Thank you, Peter, my interest in QG is primarily as a hobby. It’s fascinating, yet not as important as those branches of Mathematics and Physics that push knowledge a bit farther than where we are. It would be nice if we have a 1925-1929 situation where the curtains of ignorance are vastly pushed back, and years such as those may well be in hand, but who knows?
I love your weblog, so much so I couldn’t find time to read your book until a month ago, and of course I am juiced as a rookie reader.
And what can I say about your book; it’s awesome, and pleasantly surprising, as your road to this stuff we’re talking about is the same as mine, from Astronomy to Physics to Mathematics.
Best of luck to you by the way on your exploration of BRST Dirac Cohomology. Sounds enticing.

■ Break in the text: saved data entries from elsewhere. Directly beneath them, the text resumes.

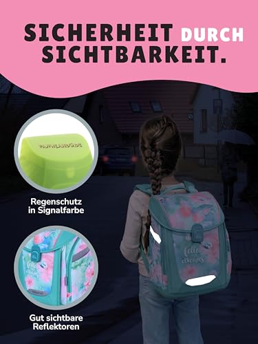 • Sorglos unterwegs, bei jedem Wetter – Durch den mitgelieferten Regenschutz in Signalfarbe und das wasserabweisende Material des Ranzens sind Bücher, Hefte und Stifte vor Nässe geschützt. Gut sichtbare Reflektoren sorgen zusätzlich für mehr Sicherheit bei schlechten Lichtverhältnissen und erhöhen die Sichtbarkeit im Straßenverkehr.
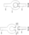 As shown in FIG. 21D, socket element 2117 includes an opening sized and shaped to receive tab element 2115. Unlike the tab and socket elements of shunt 2000, tab element 2115 may be fitted within the opening of socket element 2117 without thermally contracting tab element 2115 or thermally expanding socket element 2117. Instead, when tab element 2115 is disposed within the opening of socket element 2117, retaining ring 2124 may be disposed over both tab element 2115 and socket element 2117 to thereby maintain the rigid connection between neck region 2104 and second end region 2106 at second connection 2105, as shown in FIG. 21B, while providing a smooth, continuous transition from neck region 2104 to second end region 2106 throughout the range of lumen diameters of neck region 2104. Similarly, when tab element 2113 at proximal end 2112 of neck region 2104 is disposed within the opening of socket element 2111 at distal end 2110 of first end region 2102, retaining ring 2124 may be disposed over both tab element 2113 and socket element 2111 to thereby maintain the rigid connection between neck region 2104 and first end region 2102 at first connection 2103, while providing a smooth, continuous transition from neck region 2104 to first end region 2102 throughout the range of lumen diameters of neck region 2104. Accordingly, first end region 2102 and second end region 2106 may bend uniformly relative to neck region 2104 as a single element would. In some embodiments, retaining rings 2124 may be made from radiopaque materials such that they are visible under fluoroscopy.
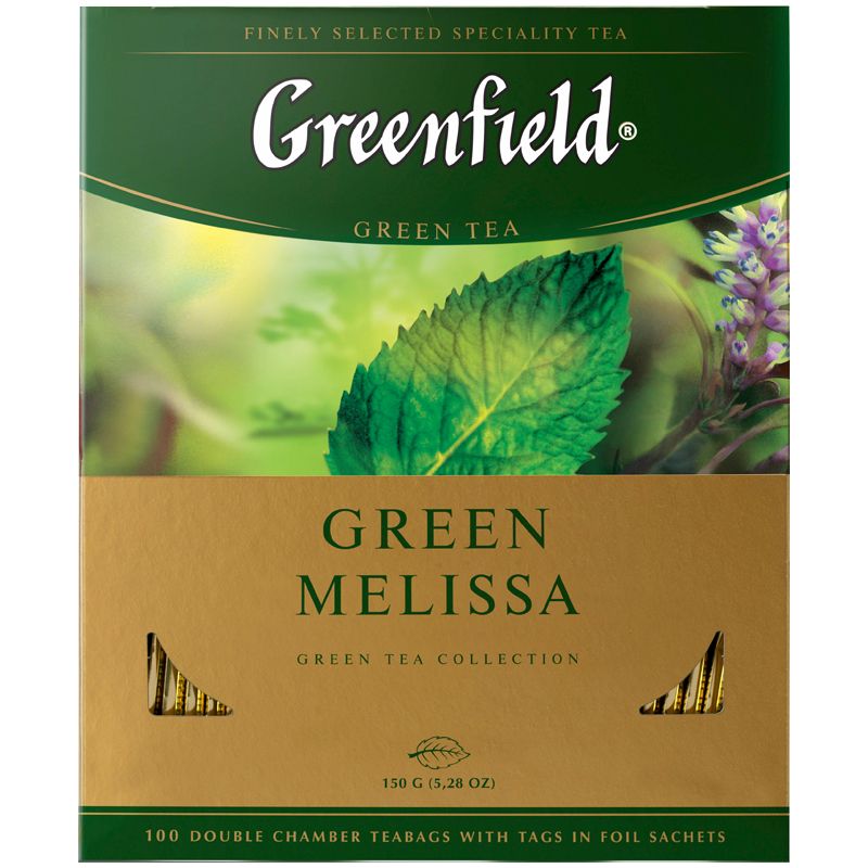 Чай Greenfield "Green Melissa", зеленый, 100 фольг. пакетиков по 1,5г.

Specifically, I have completed a 10-month general overview of current Physics/Mathematical physics, and find it is now the time to choose a specialty, with QG forever a hobby that I will spend time on, time willing. I have narrowed it down to the following fields. your opinion, please:
– Math: Representation theory of 4D space-time gauge symmetries and diffeomorphism group representation theory as related in the last two paragraphs of your book. How has that developed since publication. Where is the most current work needed?

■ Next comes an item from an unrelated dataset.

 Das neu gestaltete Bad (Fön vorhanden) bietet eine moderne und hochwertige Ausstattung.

– Physics: The Quantum Hall Effect. Low temperature sure, but incredible how the quantum world can be made manifest in the macroscopic. I’ll work on this one by myself, what a puzzle.
The paper on Dirac cohomology is intended to be a toy model for the interesting case of 4d. You study representations by studying an invariant, their Dirac cohomology. To do this in 4d requires new ideas: everything is parametrized there by the space of background connections and metrics and you need to figure out what to do about that. Right now I’m thinking about the easier case of 2d…
I think we’re still quite a ways away from even knowing what the right way to think about such representations is, so this is a difficult subject for someone to study. It’s too wide open right now, and the relevant mathematics is not even clear. That quantum Hall effect looks like a much more straightforward problem…
The most relevant application of Darwin’s theory on high-energy physics is the evolution of the physicists landscape. Here, natural selection works through paper publications, and the fittest are those who can keep publishing the most, however meaningless these papers may be. Susskind and his cohorts are successful survivors of this process. Although I admit this result is not pretty, but hey, that’s part of Darwinism.
…..Wait a minute; with the DNA you can identify a person from a million, with ST (and branes), still you cannot do anything concrete just hope for some right arrangement to be correct. Sorry but lame analogy.